Distance and Hop-wise Structures Encoding Enhanced Graph Attention Networks

Huang, Zhiguo, Chen, Xiaowei, Wang, Bojuan

arXiv.org Artificial Intelligence 

Many works have proven that existing neighbor-averaging Graph Neural Networks cannot efficiently catch structure information, such GNNs cannot even catch degree features in some cases. The reason is intuitive: as the neighbor-averaging GNNs can only combine neighbor's feature vectors for every node, if the neighbor's feature vectors contains no structure information, the hop-wise neighbor-averaging GNNs can only catch degree information at best([1];[2];[3]). So, as an intuitive idea, injecting structure information into feature vectors may improve the performance of GNNs. Numerous works have shown that injecting structure, distance, position or spatial information can significantly improve performance of neighbor-averaging GNNs([4];[5];[6];[7];[8];[9];[10]). However, existing works have their problems. Some of them has very high computation complexity which can not apply to large-scale graph(MotifNet[4]).
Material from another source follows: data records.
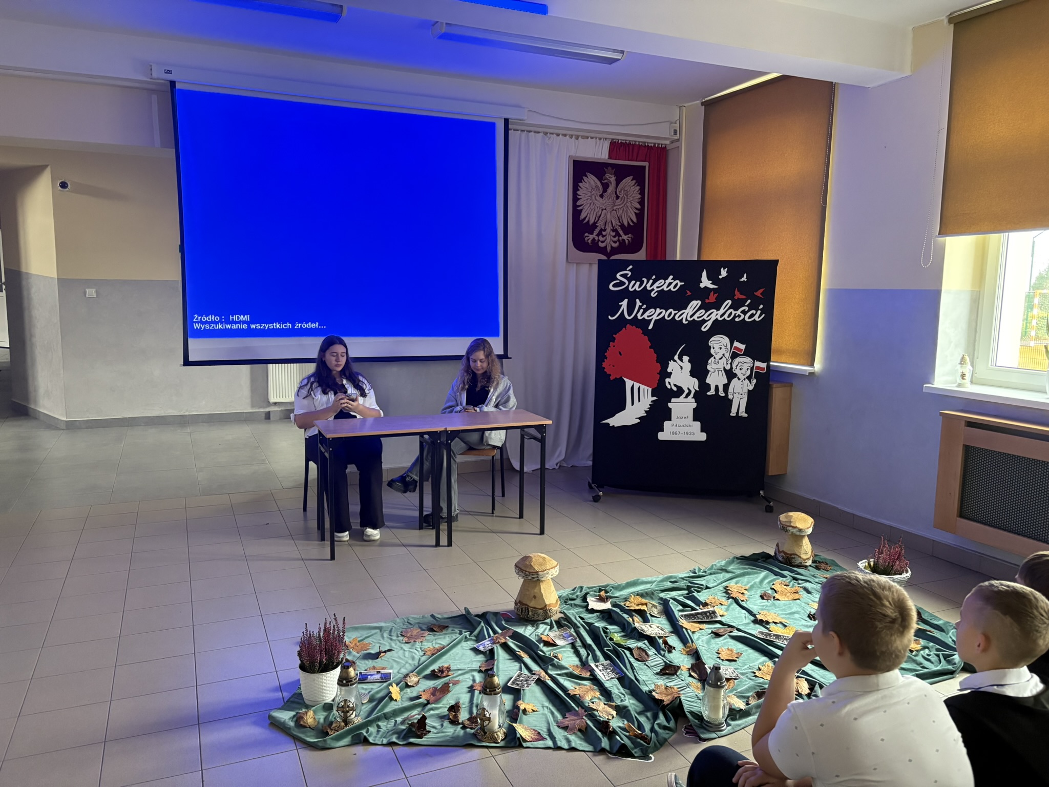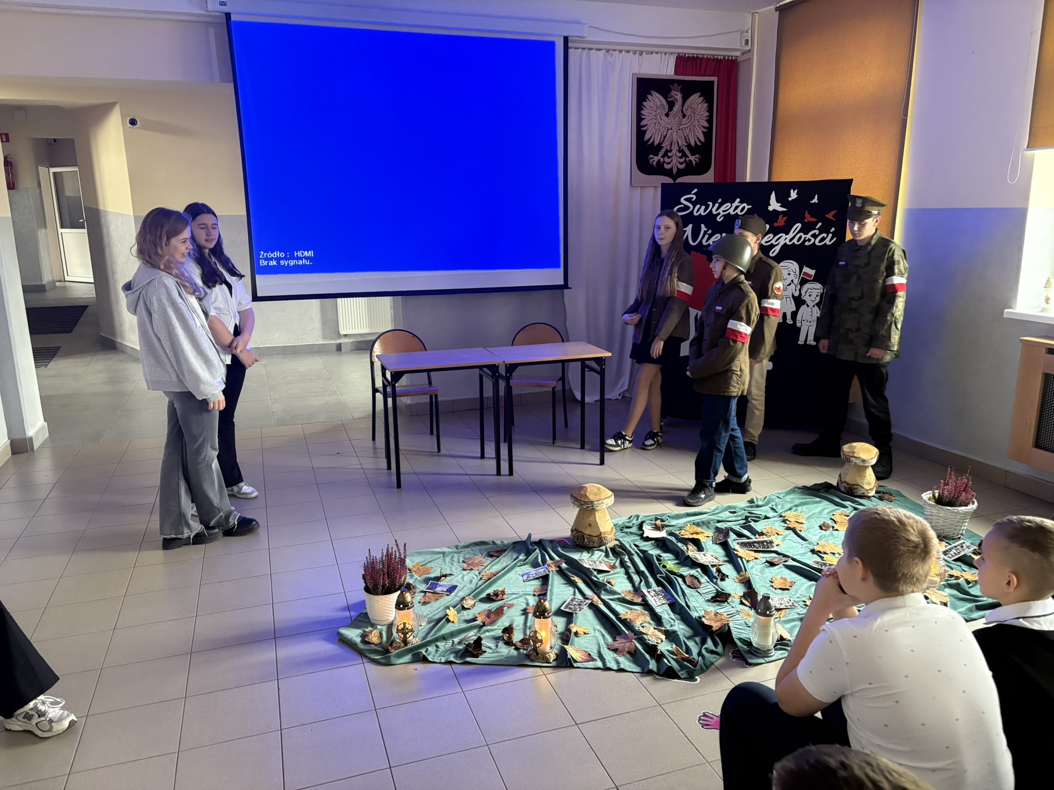 Z okazji Narodowego Święta Niepodległości uczniowie klasy VII przygotowali apel pt. „Spotkanie z przeszłością”. Podczas uroczystości przenieśliśmy się w czasy zaborów, by przypomnieć sobie trudną drogę Polaków do wolności. Wirtualnie poznaliśmy Józefa Piłsudskiego, zajrzeliśmy do dawnych Chojnic oraz spotkaliśmy się z małymi bohaterami naszej ojczyzny – Orlętami Lwowskimi, sanitariuszką z bitwy pod Warszawą, harcerzami z Szarych Szeregów i uczestnikami powstania warszawskiego.
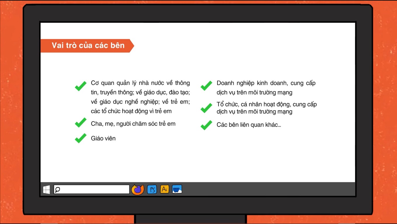 - Cơ quan quản lý nhà nước về thông tin, truyền thông; về giáo dục, đào tạo; về giáo dục nghề nghiệp; về trẻ em; các tổ chức hoạt động vì trẻ em
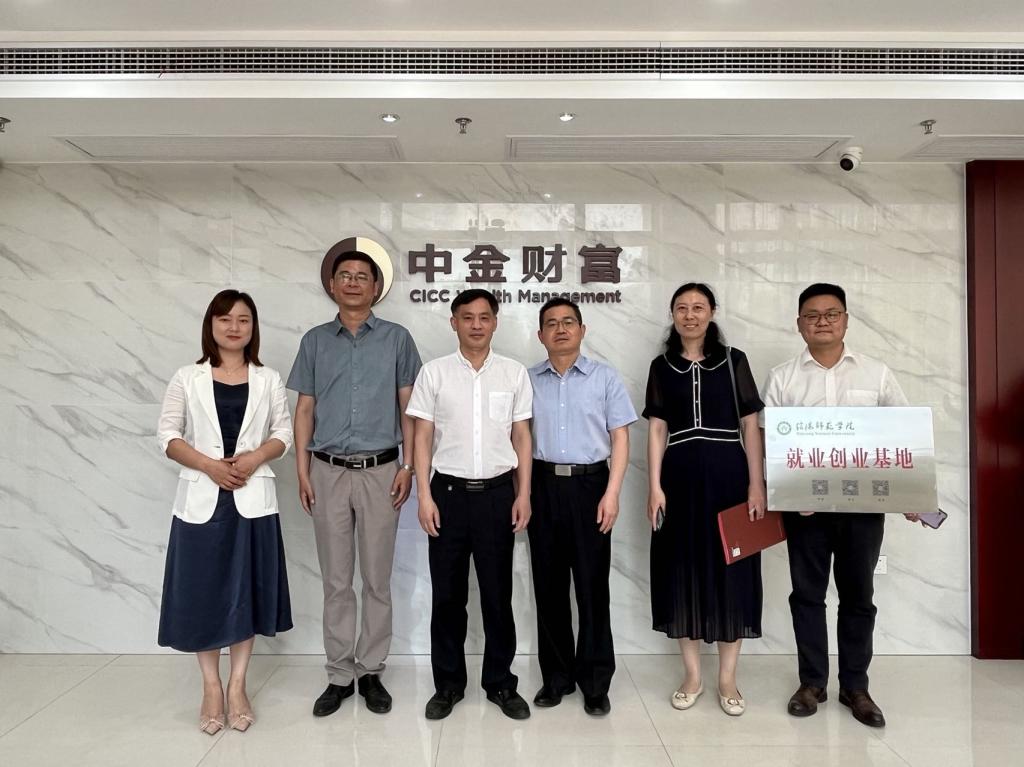在中金财富信阳营业部,总经理阮争对太阳成tyc7111cc集团一行的到来表示欢迎,带领参观了信阳营业部的办公场所,感谢师院近年来为公司输送了一批优秀人才。副总经理陈原介绍了公司的基本情况,详细讲解了营业部的人才招聘计划、要求和流程。彭荣胜介绍了太阳成tyc7111cc集团的专业建设、人才培养和毕业生就业等情况。双方就人才培养、教学科研、员工交流等进行了进一步的交流,在校企合作方面初步达成合作意向,举行了就业创业基地揭牌仪式。
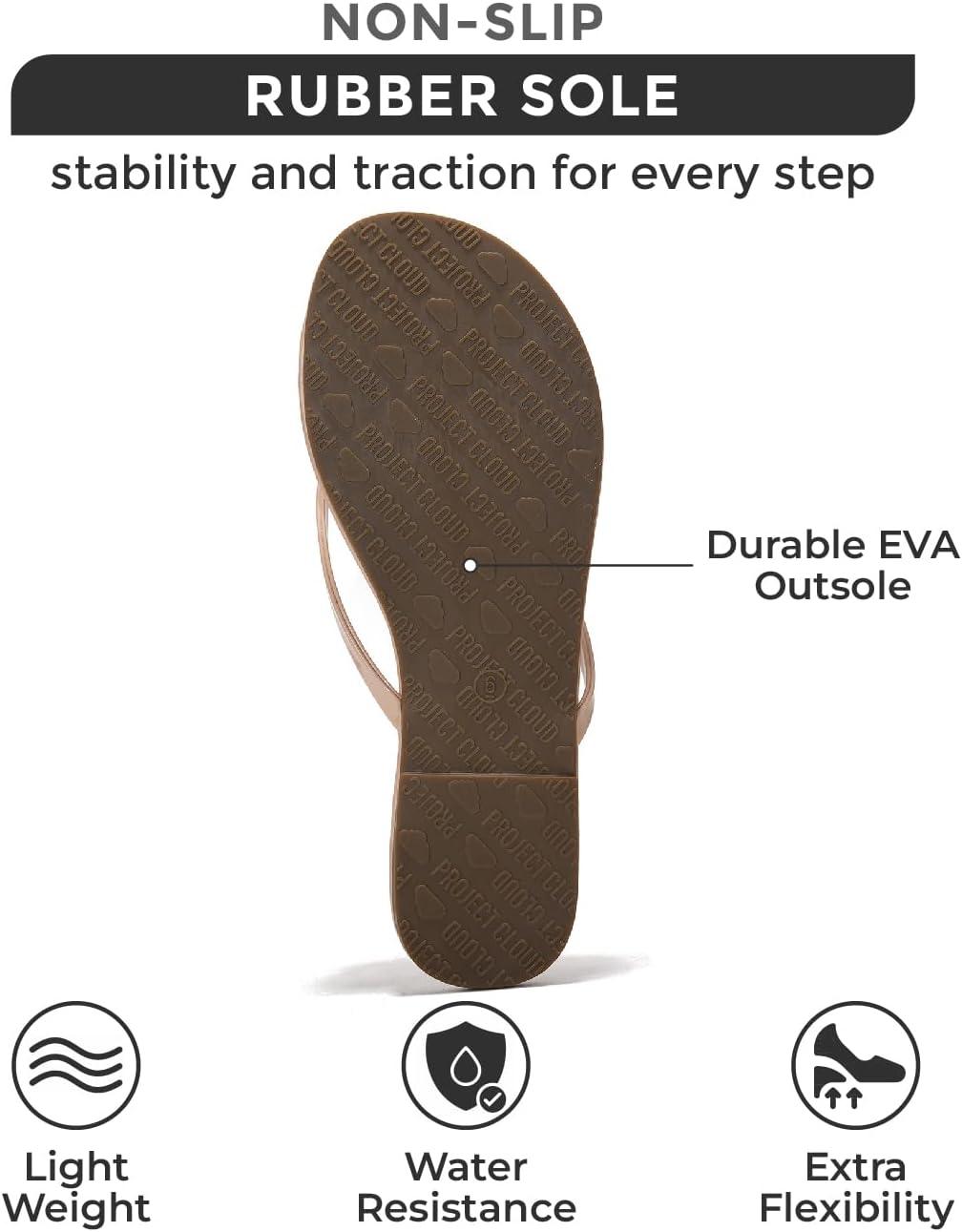 Project Cloud Flip Flops for Women – Memory Foam Flats Summer Sandals for Women 2025 – Vegan Leather Lightweight Womens Sandals Summer Beach Essentials Slides(Tan)
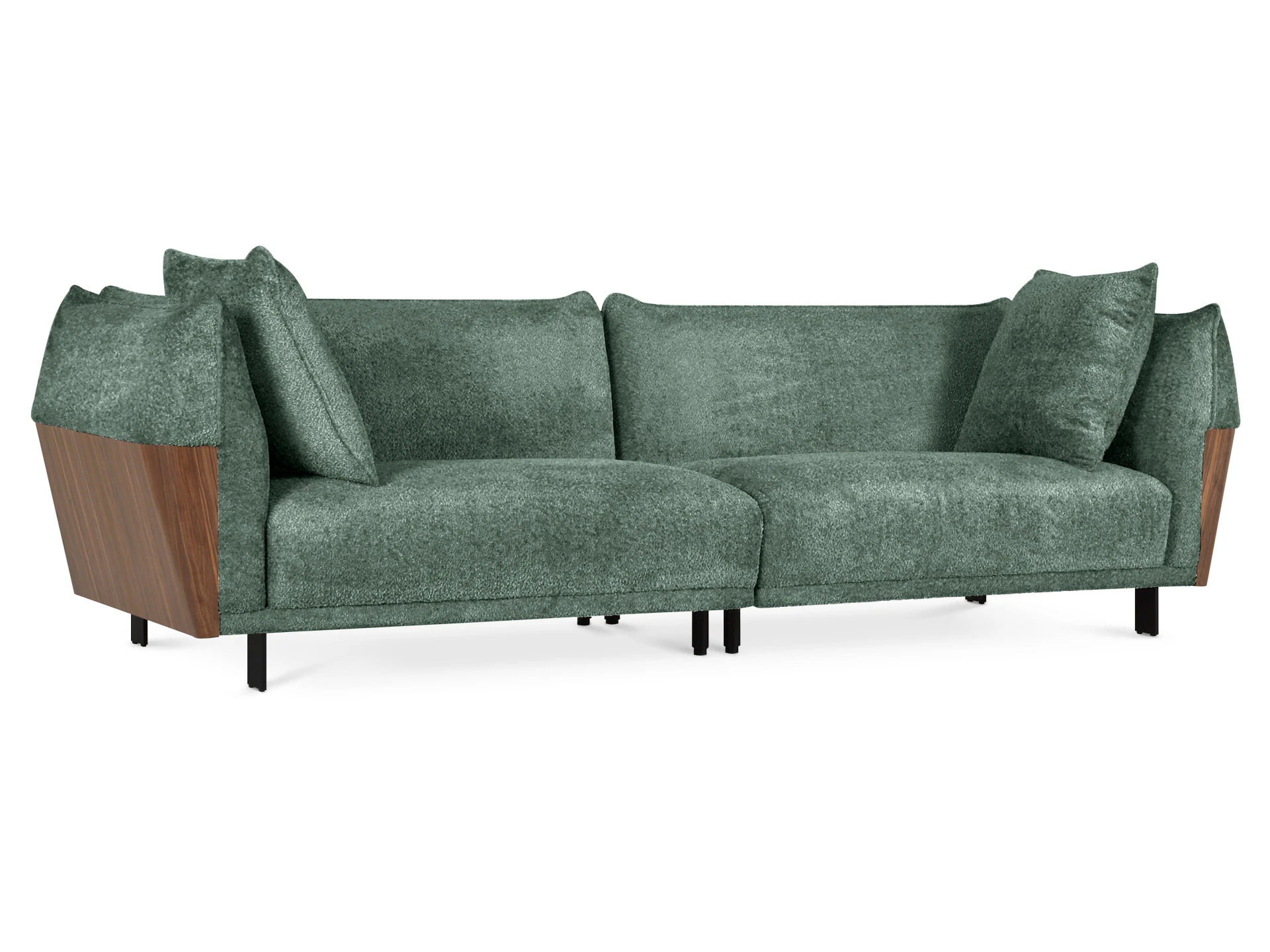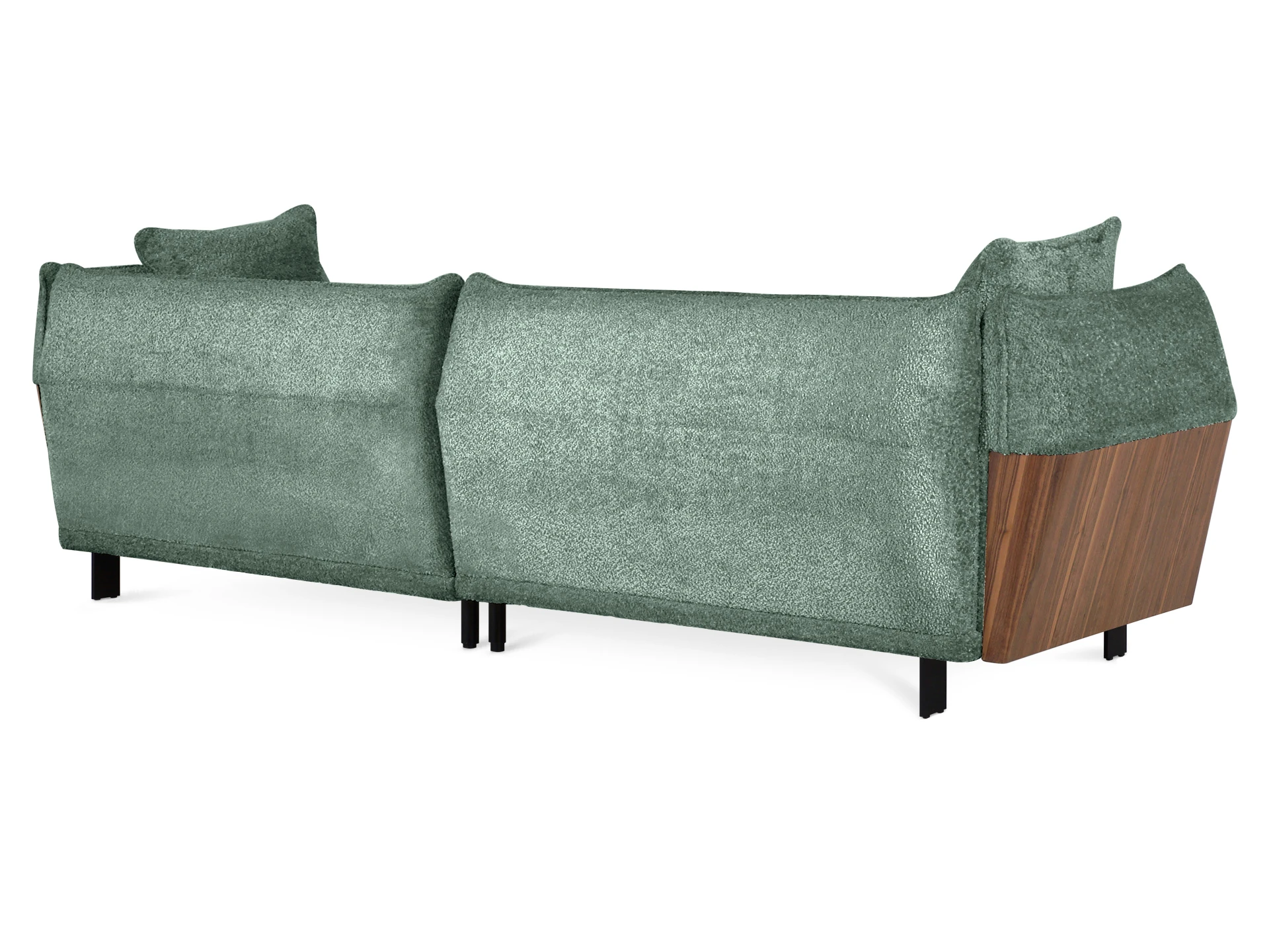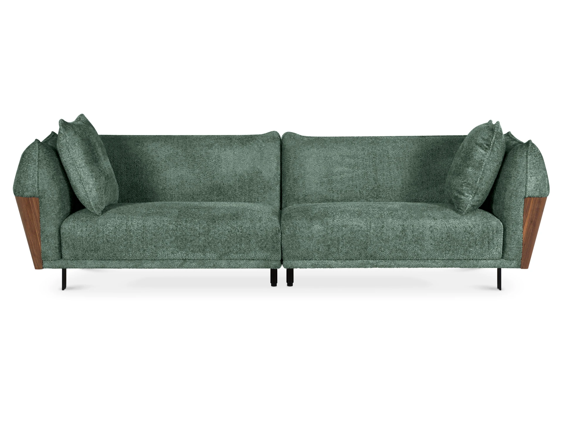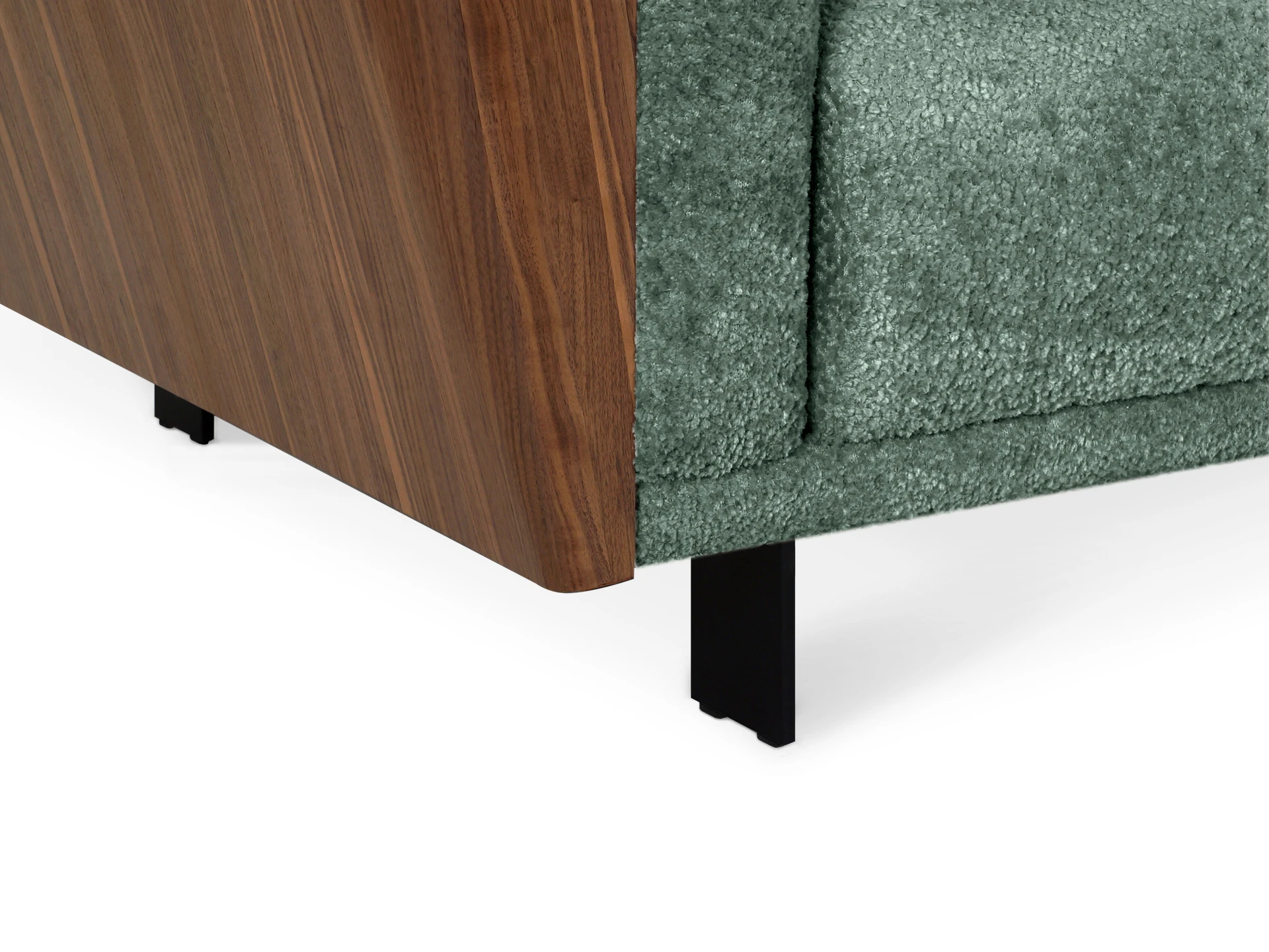 В основании дивана – четыре металлические Т-образные опоры матового черного цвета по углам, и четыре цилиндрические регулируемые опоры по центру. На торцы опор установлены пластиковые подпятники.

Some of them simply concatenate structure information with intrinsic feature vector (ID-GNN[6]; P-GNN[8]; DE-GNN[9]), which may confuse the signals of different feature. For example, in ogbn-arxiv dataset, the intrinsic feature is semantic embedding of headline or abstract, which provides total different signal with structure information. Some of them are graph-level-task oriented and only deal with small graph(Graphormer[7]; SubGNN[10]).